Lo que la corona de Letizia grita

La excusa era la visita del presidente argentino. Pero el poder del símbolo de esa tiara, un poder que la reina sabe manejar a la perfección y con el que manda callados y jamás confirmados mensajes, fue más allá.

GTRESONLINE

Una corona es una corona: un poco de metal (normalmente noble) con unas cuantas piedras (normalmente nobles) y, quizá, algo de tela (normalmente noble también). Un símbolo de estatus, de poder, de altura e importancia, de distinción y de superioridad. En fin: un símbolo. Cargado de significado, que para eso están los símbolos. Pero no: los reyes de hoy no llevan coronas. A veces llevan bandas o collares, pero no coronas.

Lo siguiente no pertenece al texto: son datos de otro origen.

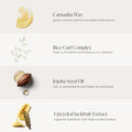 (Carnauba) Wax, PVP, Ammonium Acrylates Copolymer, Alcohol, Aminomethyl Propanol, Caprylyl Glycol, 1,2-Hexanediol, Hydroxyacetophenone, Sodium Dehydroacetate, Butylene Glycol, Laureth-21, Glycerin, Trideceth-6 Phosphate, Dipropylene Glycol, Glycosphingolipids, Artocarpus Heterophyllus Fruit Extract, Glyceryl Caprylate, Lactobacillus/Tomato Fruit Ferment Extract, Keratin Amino Acids, Oryza Sativa (Rice) Extract, Leuconostoc/Radish Root Ferment Filtrate, Lactobacillus Ferment, Acyl Coenzyme A Desaturase.
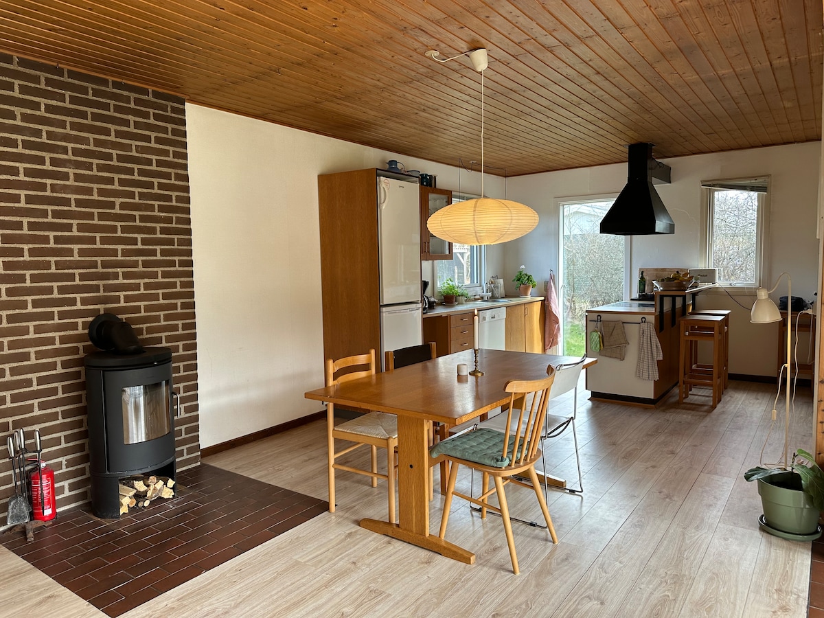 Hiška na deželi sredi narodnega parka Thy z možnostjo dobrih naravnih doživetij in deskanja. Hiša se nahaja na veliki naravni parceli z zavetiščem, ognjiščem, peskovnikom in gugalnicami. Hrano lahko pripravite na prostem na terasi, ki je opremljena z žarom in pečico za pico. Na voljo je zunanja savna, zunanja prha s hladno in toplo vodo. Hiša ima dve sobi s 4 posteljami, popolnoma novo kopalnico, lepo kuhinjo/dnevno sobo in dnevno sobo z veliko nišo z dvema spalnicama. Hiša ima toplotno črpalko in štedilnik na drva (drva so vključena)
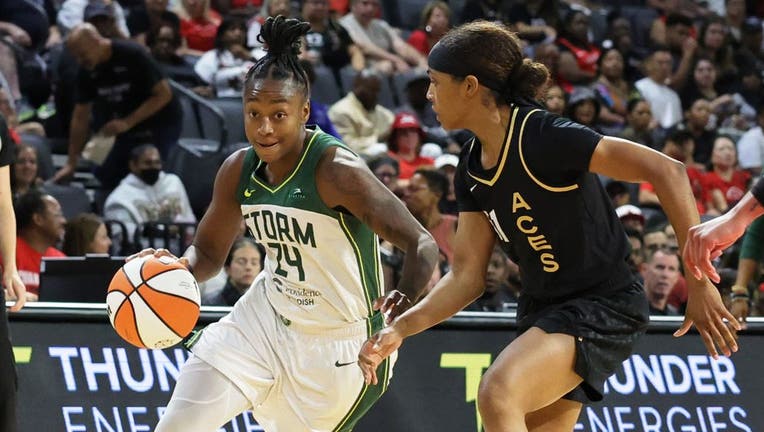 LAS VEGAS, NEVADA - SEPTEMBER 02: Jewell Loyd #24 of the Seattle Storm drives against Sydney Colson #51 of the Las Vegas Aces in the first quarter of their game at Michelob ULTRA Arena on September 02, 2023 in Las Vegas, Nevada. The Aces defeated the (Ethan Miller / Getty Images)
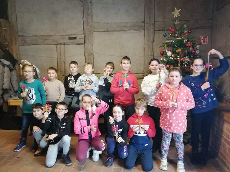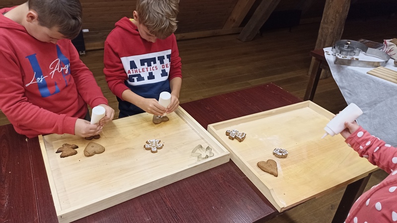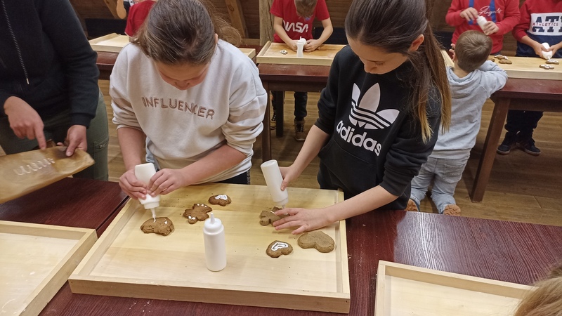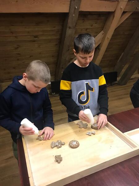 10 grudnia 2021 r. klasy 3A i 3D wraz z wychowawczyniami, wyjechały na warsztaty bożonarodzeniowe do Swołowa. Uczniowie poszerzali tam wiedzę na temat tradycji i zwyczajów Świąt Bożego Narodzenia obchodzonych w Polsce, jak i w bliskim dla nich regionie - na Kaszubach. Mieli również możliwość samodzielnego wyrabiania ciasta, umieszczania go w odpowiednich formach, z których powstały pierniki o różnym kształcie. Po wypieku w piecu chlebowym, ozdabiali je lukrem tworząc na nich piękne wzory. Następnie, poznali technikę tworzenia ozdób choinkowych z mokrej słomy, które 100 lat temu były bardzo popularne na Pomorzu.

Pero Letizia el miércoles se plantó la corona. Ahora se llama tiara, sí, pero para ella fue toda una corona. Un poco de metal, platino, con unas cuantas muchas piedras tan nobles como lo pueden ser los diamantes. Un mucho de símbolo. Letizia se colocó sobre la cabeza, por primera vez en sus casi tres años como reina, una joya de pasar, de las que pertenecen a las reinas y solo a las reinas. A las infantas, si eso, se les presta. Pero, mientras viva, esas joyas son de ella. Y, quizá, en un futuro, de su hija.

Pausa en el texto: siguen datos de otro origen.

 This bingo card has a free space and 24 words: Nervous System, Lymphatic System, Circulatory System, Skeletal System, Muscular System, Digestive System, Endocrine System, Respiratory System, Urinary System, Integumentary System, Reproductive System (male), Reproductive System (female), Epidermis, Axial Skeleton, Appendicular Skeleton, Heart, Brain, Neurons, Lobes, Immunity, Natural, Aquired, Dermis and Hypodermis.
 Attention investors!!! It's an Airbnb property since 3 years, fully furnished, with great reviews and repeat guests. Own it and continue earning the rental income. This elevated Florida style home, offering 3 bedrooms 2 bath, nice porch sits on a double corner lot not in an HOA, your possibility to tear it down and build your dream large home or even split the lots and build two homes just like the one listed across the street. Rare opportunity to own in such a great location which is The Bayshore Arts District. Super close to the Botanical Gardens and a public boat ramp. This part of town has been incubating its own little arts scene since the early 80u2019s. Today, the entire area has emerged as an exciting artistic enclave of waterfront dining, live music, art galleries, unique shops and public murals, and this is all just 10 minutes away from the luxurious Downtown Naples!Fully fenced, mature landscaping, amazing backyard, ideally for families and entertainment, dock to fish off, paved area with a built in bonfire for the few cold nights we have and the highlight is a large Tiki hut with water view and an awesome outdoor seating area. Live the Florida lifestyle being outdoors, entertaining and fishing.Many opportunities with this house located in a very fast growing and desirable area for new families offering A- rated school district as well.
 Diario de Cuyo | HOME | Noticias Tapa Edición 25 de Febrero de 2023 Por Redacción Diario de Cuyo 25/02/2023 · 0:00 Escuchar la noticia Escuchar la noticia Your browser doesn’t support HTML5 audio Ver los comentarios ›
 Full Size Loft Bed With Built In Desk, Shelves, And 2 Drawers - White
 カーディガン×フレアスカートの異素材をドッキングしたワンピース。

Mil días. Mil días se cumplirán el domingo 26 de febrero desde que Juan Carlos I anunció que se bajaba del trono para que subieran los siguientes, el 2 de junio de 2014. Mil días ha tardado Letizia en meter la llave y abrir el joyero de las reinas, y en plantarse tres piezas históricas: un par de pendientes, otro par de pulseras y una corona, perdón, tiara, la de la Flor de Lis. La más importante que puede llevar una reina de España. La más simbólica. La más grande. La que está remachada con las flores de los Borbones. La que llevó Victoria Eugenia desde su boda hasta la de su hija mayor (la lució en la gala previa al enlace de la infanta Pilar, un año antes de morir, en una de sus últimas grandes apariciones). La que María de las Mercedes, madre de Juan Carlos, se plantó para la coronación de Isabel II de Inglaterra. La que la reina Sofía no lució hasta 1983 y que se puso, por última vez, en la última cena de su esposo como rey. La tiara grande. La corona.

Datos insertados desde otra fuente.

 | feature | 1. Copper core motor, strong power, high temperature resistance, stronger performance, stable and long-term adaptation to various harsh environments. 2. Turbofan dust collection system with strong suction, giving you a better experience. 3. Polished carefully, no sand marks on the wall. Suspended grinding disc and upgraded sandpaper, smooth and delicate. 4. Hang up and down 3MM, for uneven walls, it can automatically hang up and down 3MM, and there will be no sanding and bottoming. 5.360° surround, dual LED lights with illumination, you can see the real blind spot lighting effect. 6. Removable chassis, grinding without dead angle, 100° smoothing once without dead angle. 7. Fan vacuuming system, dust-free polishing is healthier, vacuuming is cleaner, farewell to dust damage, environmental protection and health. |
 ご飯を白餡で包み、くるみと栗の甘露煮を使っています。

La excusa era la visita del presidente argentino, la primera gran cena de gala desde 2015. Pero no. Se la pudo haber puesto en el 75º cumpleaños de la reina Margarita de Dinamarca, pero ahí optó por algo más discreto (la situación económica tampoco daba para grandes fastos) y personal: estrenar la que le regaló Felipe, que llevaba seis años en un cajón, por su quinto aniversario de casados. Pero ahora el momento era, ya sí, apto para algo así. De hecho, era el adecuado.

Algunos dicen que quería eclipsar a Juliana Awada, la estilosa esposa de Mauricio Macri. Cualquier puñado de brillantes lo hubiera conseguido. Probablemente el poder del símbolo de esa tiara, un poder que la reina sabe manejar a la perfección y con el que manda callados y jamás confirmados mensajes, fue más allá. España, quizá, salga del bache. Pero la etapa más oscura de la monarquía ha pasado, estamos bien, ya podemos sonreír, lucirnos, ser reyes con corona parece querer contarnos Letizia. Que su cuñado el innombrable está condenado. Que la justicia manda, que ella es la reina y su marido, el rey. Que la cárcel, al menos el martes por la noche, es una opción, aunque la alegría ha tardado poco en desvanecerse. Esa tiara, ese símbolo que está para contarnos todo con la boca bien cerrada, quería gritar que se acabó. O, más bien, que todo acaba de empezar.